** Opening SUPPLIED MATERIAL block **

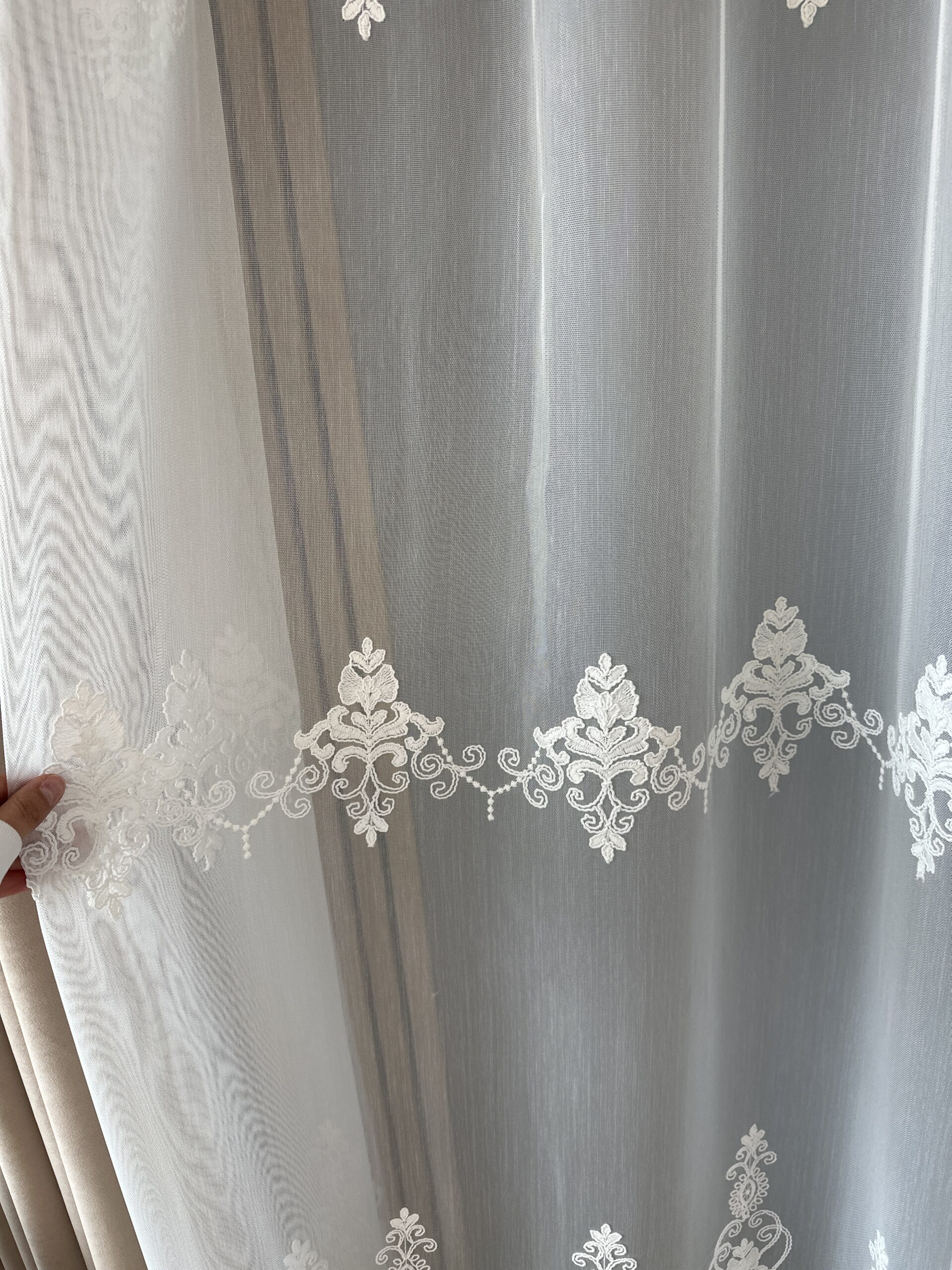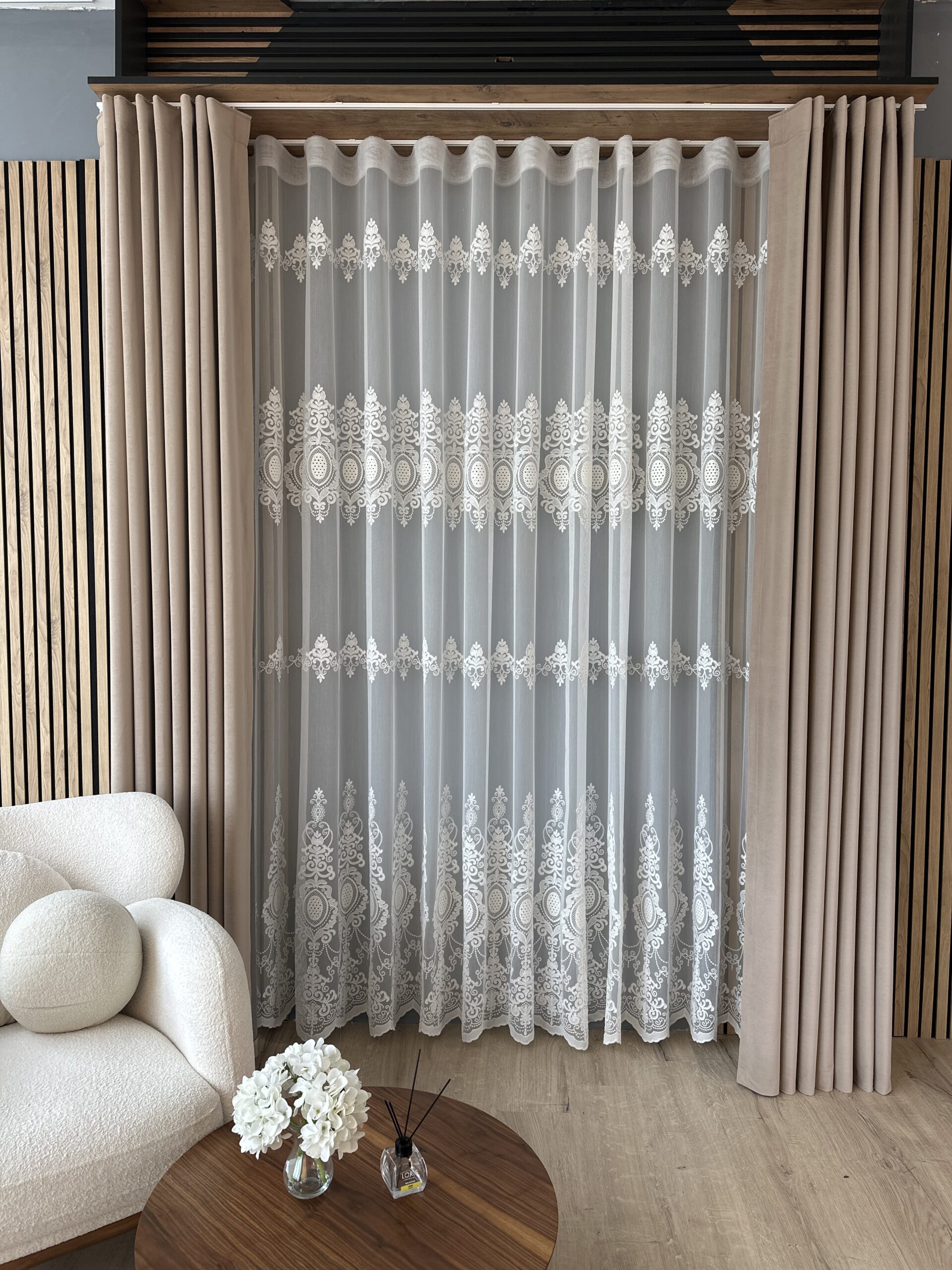 Material de Perdea Reina cu Broderie Imperiala Crem.
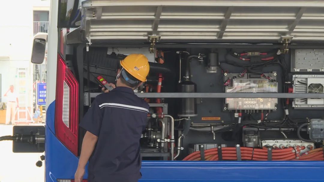 上午,在金海公路的上海奉贤巴士公共交通有限公司停保场内,驾驶员王耀稳稳地将氢燃料电池公交车停在了加氢站前的预检点。加氢站工作人员立刻上车核对车辆信息,并拿着检测仪开始对车辆里外进行全方面检查,确保公交车处于安全的运行状态。随后,王耀再将车辆缓慢行驶到站内加注位置,由工作人员对公交车进行加注。而在加注的同时,加氢人员严格遵守制度,对车辆不间断进行检测,确保现场环境安全。
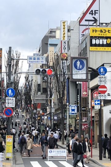 JR飯田橋東口を出て、神楽坂下交差点を渡ります。
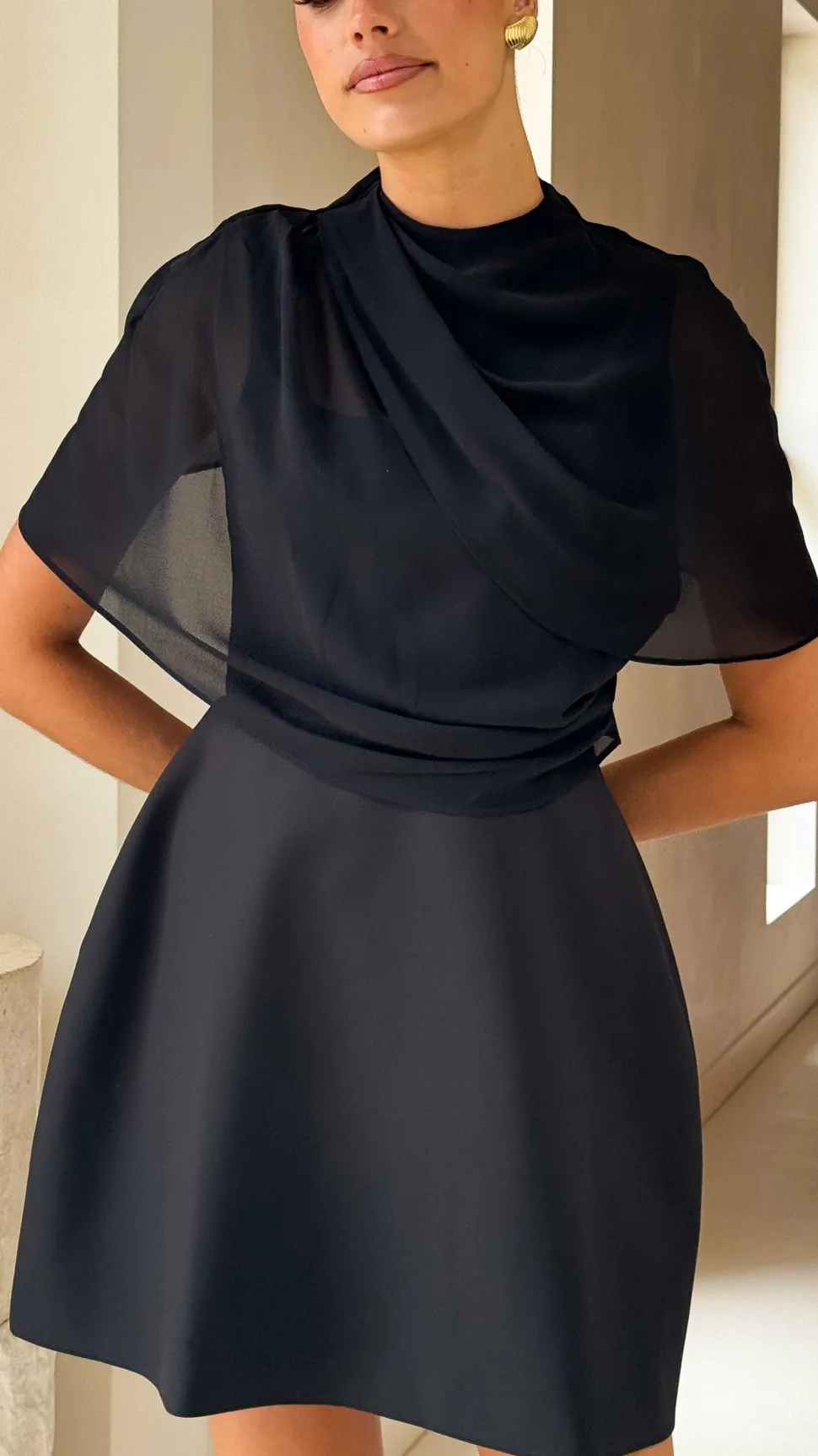 – Attached sheer neck shawl
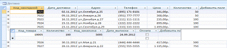 Текст запроса SQL:Доставка. Код_накладной, Доставка.
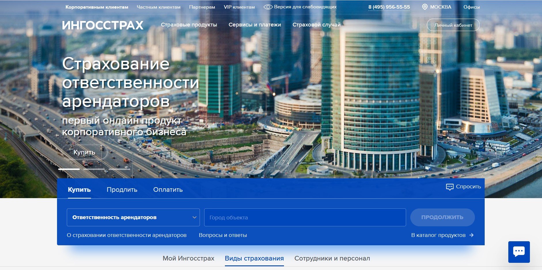 Ингосстрах предлагает широкий спектр страховых услуг для обычных потребителей и компаний. В онлайн режиме можно получить расчет, консультацию, купить большинство страховых продуктов.
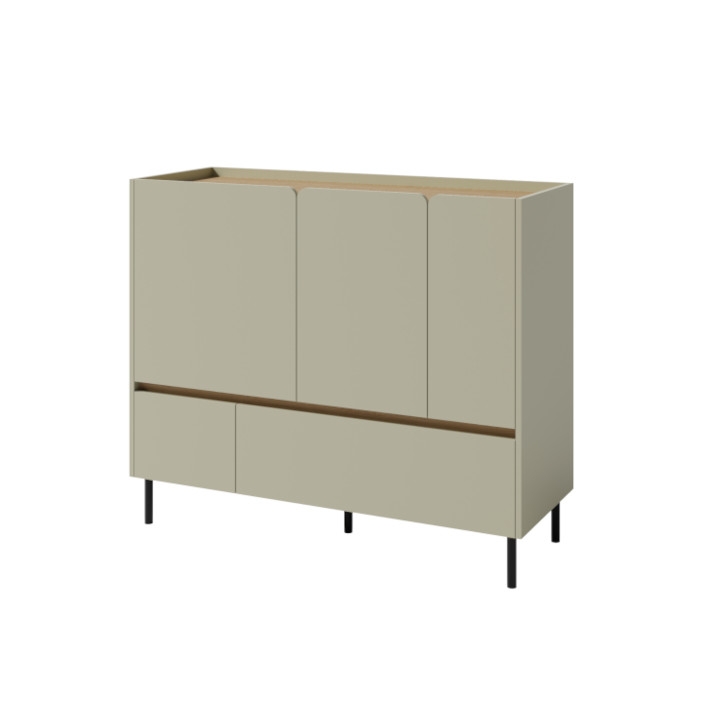 The Luca LC8 chest of drawers from Meblar is a three-door piece of furniture with additional drawers, designed to store items of various sizes and purposes. Its dimensions - 120 cm wide, 105 cm high and 40 cm deep - make it possible to use the wall space in a thoughtful way, while offering plenty of storage space. Thanks to its compact design, the chest of drawers is perfect for the living room, dining room, bedroom or hallway.

** Closing SUPPLIED MATERIAL block **

Pictures in the entries are to be skipped, and everything else repeated word for word.

 Material de Perdea Reina cu Broderie Imperiala Crem.
 上午,在金海公路的上海奉贤巴士公共交通有限公司停保场内,驾驶员王耀稳稳地将氢燃料电池公交车停在了加氢站前的预检点。加氢站工作人员立刻上车核对车辆信息,并拿着检测仪开始对车辆里外进行全方面检查,确保公交车处于安全的运行状态。随后,王耀再将车辆缓慢行驶到站内加注位置,由工作人员对公交车进行加注。而在加注的同时,加氢人员严格遵守制度,对车辆不间断进行检测,确保现场环境安全。
 JR飯田橋東口を出て、神楽坂下交差点を渡ります。
 – Attached sheer neck shawl
 Текст запроса SQL:Доставка. Код_накладной, Доставка.
 Ингосстрах предлагает широкий спектр страховых услуг для обычных потребителей и компаний. В онлайн режиме можно получить расчет, консультацию, купить большинство страховых продуктов.
 The Luca LC8 chest of drawers from Meblar is a three-door piece of furniture with additional drawers, designed to store items of various sizes and purposes. Its dimensions - 120 cm wide, 105 cm high and 40 cm deep - make it possible to use the wall space in a thoughtful way, while offering plenty of storage space. Thanks to its compact design, the chest of drawers is perfect for the living room, dining room, bedroom or hallway.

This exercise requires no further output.